Late in life, Jean Monnet, a Cognac salesman who went on to become the architect of the Common Market, mused about his dream for a United States of Europe. He thought back to his birthplace in this brandy-making town of Southwest France, where the grapes ripen slowly in the September sun, then mellow for decades in oaken barrels beneath the limestone distilleries. "The great thing about making cognac," he said, "is that it teaches you above all to wait. Man proposes, but time and God and the seasons have to be on your side."
Four decades have passed since Monnet's bold proposal of a more perfect union began to take form. But last week the citizens of Cognac, and of towns and cities across the European Community, signaled that they want to wait even longer -- perhaps forever -- before joining a federalist monetary and political structure.

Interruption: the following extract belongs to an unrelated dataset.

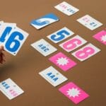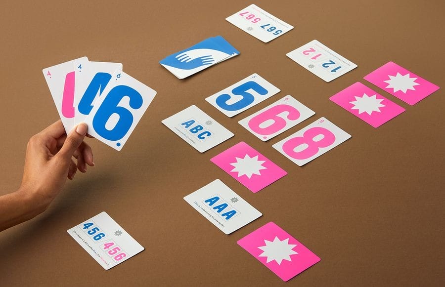 Les cartes sont numérotées de 1 à 8 en magenta et en bleu, et chaque carte est éditée en plusieurs exemplaires. Chaque joueur a un objectif personnel, face visible, et un objectif public est disponible pour tous les joueurs, avec des objectifs comme avoir quatre cartes bleues dans l'ordre, avoir trois cartes du même nombre pair, ou avoir deux cartes magenta qui s'ajoutent à une troisième carte magenta.

The grand reasons why European integration makes sense are still there. But try telling that to angry, suspicious citizens, whose object of ire is the virtually unreadable Maastricht treaty, negotiated last December by the 12 nations of the European Community, which lays out a complex blueprint for the greater economic and political union of the Continent -- a plan that would take Europe far beyond the free-trade zone that goes into effect in January, to a single currency and common foreign and defense policies. The Danes' + refusal to approve Maastricht last June ignited simmering popular resentment, and France's razor-thin ratification proved just how deep public anxiety runs. The grass-roots revolt has redefined European politics, crossing the traditional left-right cleavages with new fault lines between poor and prosperous, rural and urban, nationalist and Europeanist. The Establishment seems stunned. "Either Europe will become more democratic," acknowledged E.C. President Jacques Delors, whose organization has its headquarters in Brussels, "or Europe will be no more."
North of the Franco-German border, Charlemagne's bones rest in the gilded tomb of Aachen's cathedral. The community's 12-star flag flutters from public buildings in a town that was briefly, in the 9th century, the capital of a Holy Roman Empire that united Europe from Brittany to Bohemia. But today, as Germans' once overwhelming support for Maastricht ebbs, flower seller Barbel Krutt speaks for Aachen's townspeople: "You can send all the politicians to the moon: this treaty does not mean a thing to folks like us."
In Britain an impassioned parliamentary debate last week revealed the public's deep unease about the agreement in the wake of a devaluation of the pound that has shaken the government's economic policies. "Maastricht does not create a superstate," said Foreign Secretary Douglas Hurd. "But the feeling among Europe's people -- the real people -- is that it does."